Why did God make it possible for us to spend eternity in heaven? Was it because of our goodness? Or was it because of His mercy and His grace?

Well, if it is because of His mercy and grace, and He is never changing and never failing, then we can have hope for today and for tomorrow.

“Living hope“ means that it isn‘t something that we store away for the future. It is alive. The hope that we have empowers us to live today the way that God intended us to live it -- in holiness. What we hope for won‘t fade away, rust, or shrink in significance because it is “incorruptible and undefiled.”

The Apostle Peter went on to explain further that our faith is secured not by us, but by almighty God. When we experience true salvation and turn to Christ in repentance, we have a place prepared for us in heaven. John 14: 2 and 3 are fairly clear. No one, not even Satan himself, can take it away from us.

Now this doesn't mean that life will be easy or without trials. Peter acknowledged this but still assured his readers that the opportunity to spend eternity in heaven is worth whatever the struggles are here on earth.

Have you ever camped outside a store in order to be there when the doors opened in order to get the big sale item? Have you ever stood in line for the chance to buy concert or playoff tickets? I remember getting up before dawn once to be in line to get one of the first Teddy Ruxpin animated talking bears. (Some of you are too old to have had one and too young to remember buying them for your children!)

We get so mixed up in our priorities. We make important the things that are so fleeting. And we minimize the things that have eternal implications. We go to a lot of trouble for what pleases us for a moment. But we ignore the things that will provide peace for today and a hope for tomorrow. We live in the present and yet we are created for eternity.

Jesus has been to Bethlehem, wearing barn rags and hearing sheep bleating and cows chewing. He took His first sips of milk shivering at the feet of animals. God had come to earth in the form of a helpless baby. Countless who face the chill of empty pockets, face the fear of uncertainty or face the tragedies of everyday life turn to Jesus Christ. Why?

Because He has been there.

He has been to Nazareth where he toiled in the hot sun of Palestine; to Galilee where He recruited some who would turn and run when He needed them most; to Jerusalem where He was assaulted by the religious leaders of the day and was ultimately put to death on a cruel Roman cross.

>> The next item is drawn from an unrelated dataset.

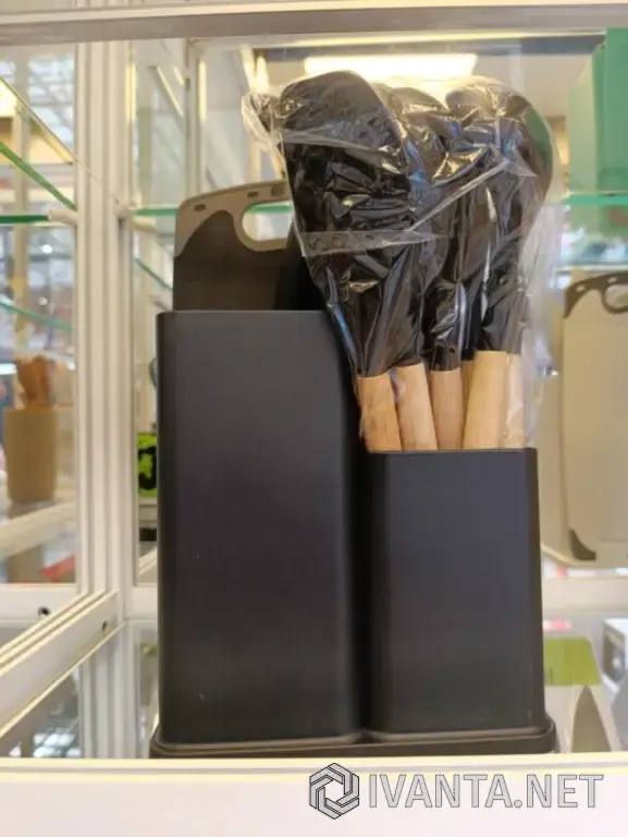 лопатка, лопатка с прорезями, ложка, ложка с прорезями, половник, шумовка, ложка для спагетти, щипцы, венчик, кисточка, кухонные ножницы, нож поварской, нож для хлеба, универсальный нож, нож для овощей, мусат (точилка), подставка для ножей, подставка для кухонных приборов.

You and I have our Nazareth, Galilee, and Jerusalem. So why turn to Jesus? Because He‘s been there!

And He‘s been somewhere you and I have not been yet. He has been to the grave. Not as a visitor. He was a resident for a time. But death and the grave could not hold Him.

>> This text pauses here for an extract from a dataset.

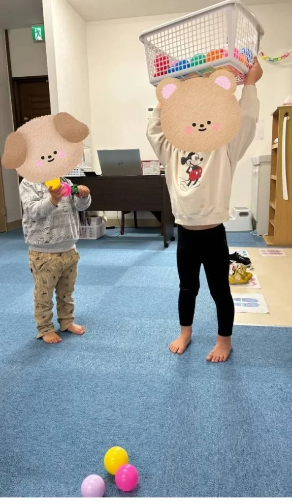 かごの中にボールを入れる遊びをしたよ!

So, in this walk of faith, in whom do you put your faith and in whom do hope? Why not place your trust in the One who has been there before you and who has gone before you to prepare a place for you in heaven?

Just a thought . . .

Sunday, August 10, 2008

A Place MUCH Better than My Last Post

Heaven -- The mention of the word probably brings as many images to our mind as last weeks topic, hell. Again, pop culture may have influenced us more regarding heaven than the Bible.

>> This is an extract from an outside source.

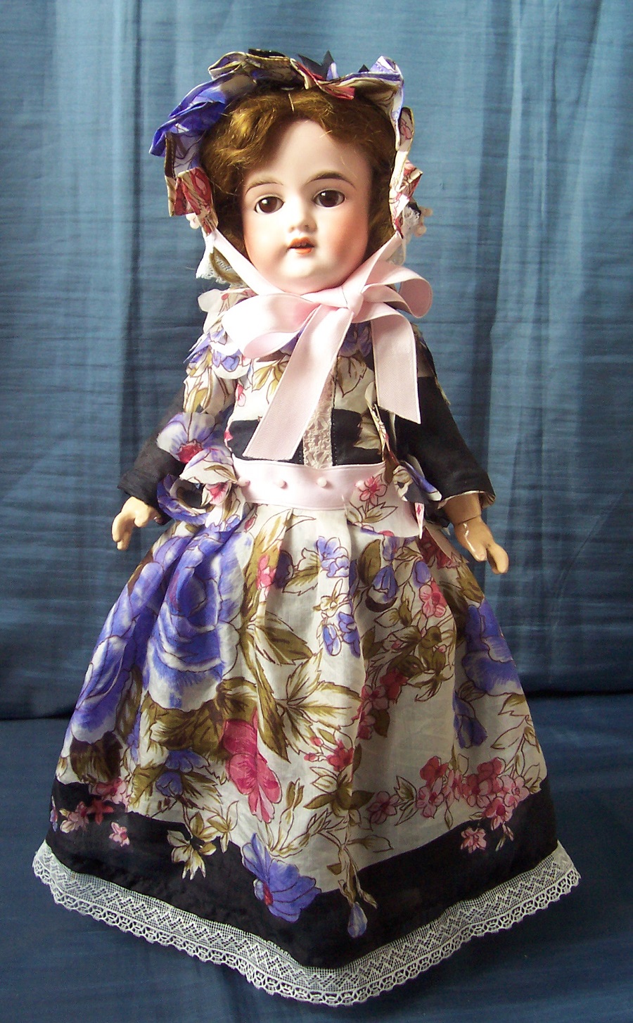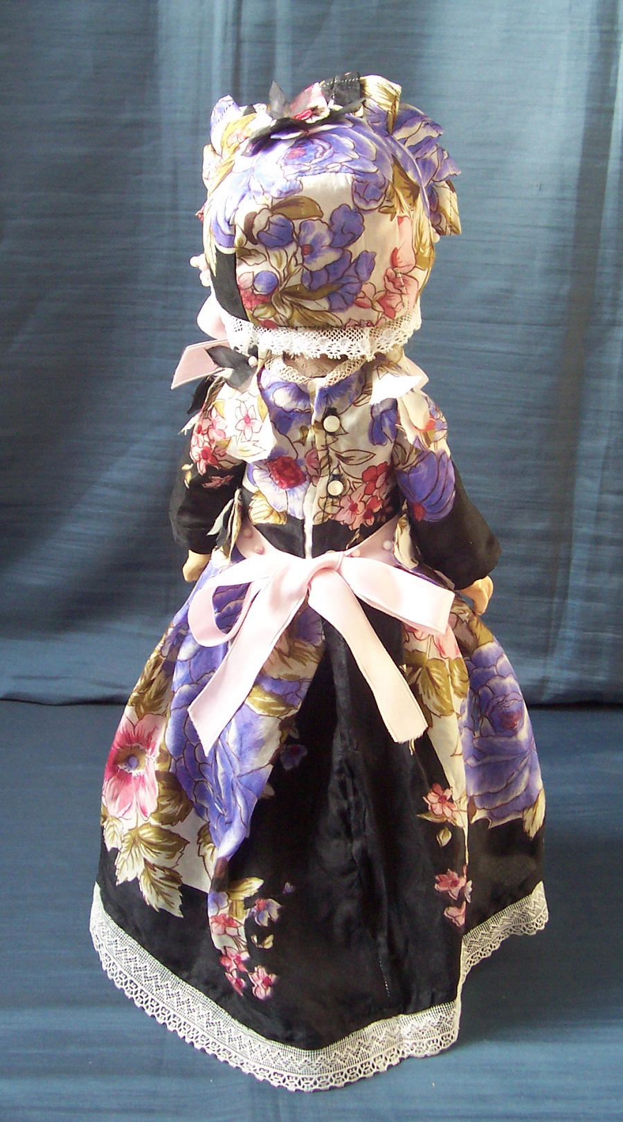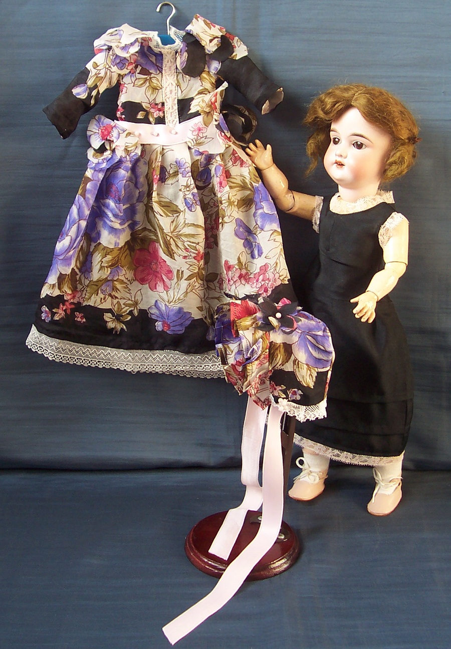 The outfit "easterflowers" consists a long, gentle dress with an underslip and a bonnet. The costume is made of an tender, fine silkfabric. The basiccolor is black with an intergrated colorful flowerpattern. The dress is design long with pipesleeve. Around the waist is garnished a palepink silkband that is behind to close with a bow. The dress is decorated on shoulder and on the waist with selfmade flowers made from the silkfabric. With tender, fine glaswax-pearls and on the collar and on the dresshem with delicated tullelace. From behind the dress is to close with glasbuttons and buttonhole. The bonnet is match decorated to the dress and is to bind under the chin with the palepink silkband to bow. To the costume belongs the match underslip made of black silksatin and garnished with fine tullelace. The costume is suitable for a 37-40 cm (16 inch) high antique doll.

Maybe you don’t even think much about heaven. Maybe you are busy enough in your everyday life with your countless activities such that you don’t feel you have time to even contemplate heaven. However, the thought of spending eternity in heaven can bring peace in the midst of despair and in the tumult of life. But heaven isn’t about us wearing white robes, sitting on a little cloud and playing a little harp. In fact, it isn’t about us at all! It is about spending eternity in His presence.

Have you ever thought about living in a perfect world? Think about that for a little bit. There would be no need to lock your doors. You wouldn‘t need central air or heat. Doctors would be unnecessary as would lawyers. The list of things that would be different is long. For me, I would be 6' 2", thin and the best bass singer gospel music has ever known!

The truth is that you and I can live in a perfect world. Just not today. But there is coming a day when that will be possible. No matter how bad life gets today, we can look forward to a place of eternal perfection - heaven.

Look at our study passage in Revelation 21:1-26. John was given a glimpse of what no man had seen before and no one has seen since. The entire book of Revelation draws a picture of what the end times will look like and tells us about life beyond this earthly journey. The descriptions are the best that John could come up with. He saw the unbelievable and indescribable. And he tried to describe it to both Christians and non-Christians.

Not an easy job! Especially considering the task of trying to describe the indescribable using earthly words and images.

In the 21st chapter of Revelation, John begins by pointing out that the “first earth had passed away.” Staying on this planet doesn‘t seem to be an option, does it? It looks like we will relocate somewhere for eternity. And John saw a new location for those who are forgiven and are in a right relationship with Jesus Christ. He saw a new city in which God and man will live together in peace similarly to the way they did once before in the Garden of Eden.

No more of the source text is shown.